Lima alamat Bitcoin yang dibuat pada 2014 secara bersamaan mentransfer total 107 Bitcoin senilai $8,2 juta ke alamat burn pada Senin, sehingga dana tersebut secara permanen dikeluarkan dari peredaran. Transfer tersinkronisasi ke alamat 1111111111111111111114oLvT2—alamat burn yang terkenal di jaringan Bitcoin—memicu spekulasi sengit di media sosial karena dana yang dikirim ke alamat burn tidak memiliki kunci privat yang dapat diakses dan tidak bisa diambil kembali.
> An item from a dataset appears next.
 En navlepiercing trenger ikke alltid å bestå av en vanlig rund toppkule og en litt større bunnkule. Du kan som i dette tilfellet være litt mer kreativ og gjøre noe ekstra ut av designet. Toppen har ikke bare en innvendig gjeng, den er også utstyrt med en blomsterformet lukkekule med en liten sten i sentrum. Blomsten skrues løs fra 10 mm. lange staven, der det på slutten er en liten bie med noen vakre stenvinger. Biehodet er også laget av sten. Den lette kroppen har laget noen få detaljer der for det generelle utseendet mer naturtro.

Pada Selasa, alamat burn tersebut berisi 807 Bitcoin senilai sekitar $61 juta.
Transaction Details and Burn Mechanics
The five addresses that moved the coins were completely emptied in the process, with the senders spending approximately $5.56 in transaction fees to permanently destroy the Bitcoin. At Monday's transaction time, the 107 Bitcoin represented roughly $13.4 million in value, though Bitcoin changed hands around $76,000 on Tuesday—far below its October peak of $126,000 when the destroyed funds would have been worth approximately $13.4 million.
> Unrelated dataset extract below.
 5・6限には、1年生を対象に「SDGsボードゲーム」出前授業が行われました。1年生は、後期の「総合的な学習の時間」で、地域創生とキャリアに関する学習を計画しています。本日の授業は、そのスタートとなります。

Because all transactions occurred at the same moment and originated from addresses created in the same year, onlookers speculated the activity was tied to a single individual or group. The incident underscored one of Bitcoin's foundational design elements: once transactions are validated, they are added to a global ledger viewable by anyone with an internet connection, even though parties remain pseudonymous due to the nature of public keys.
Teori di Balik Penghancuran
Adam Back, pendiri dan CEO perusahaan infrastruktur Bitcoin Blockstream, berspekulasi dalam unggahan di X bahwa transaksi tersebut bisa menandai “accidental quantum bounty”, mengacu pada ancaman komputer kuantum yang semakin besar terhadap beberapa dompet Bitcoin.
Anggota komunitas dan pengembang lain mengajukan penjelasan alternatif. Salah satu pengamat menyebut transaksi tersebut mungkin berasal dari chatbot kecerdasan buatan yang memiliki akses ke dompet Bitcoin lalu mengalami malfungsi, dengan mengatakan: “Kamu benar sekali. Itu memang terlihat seperti saya mengirim Bitcoin ke alamat burn!”
Seorang pengembang berspekulasi bahwa Bitcoin dikirim ke alamat burn untuk memberi penyerang hadiah nol jika terjadi potensi wrench attack—serangan fisik atau ancaman terhadap seseorang untuk memaksa mereka menyerahkan aset digitalnya. Pengembang yang sama mencatat bahwa karena transaksi tersebut menampilkan parameter berbasis waktu, kemungkinan besar transaksi itu berasal dari dead man's switch, mekanisme keamanan otomatis yang mentransfer atau mengungkap akses ke cryptocurrency jika seseorang tidak berinteraksi dengan sistem dalam kerangka waktu yang ditetapkan.
Yang lain berspekulasi bahwa transaksi tersebut merupakan sebuah kesalahan, yang pada akhirnya justru meningkatkan kelangkaan Bitcoin—meski dalam jumlah yang tidak signifikan—karena dana tersebut tidak bisa lagi dimiliki oleh siapa pun di bawah aturan jaringan saat ini.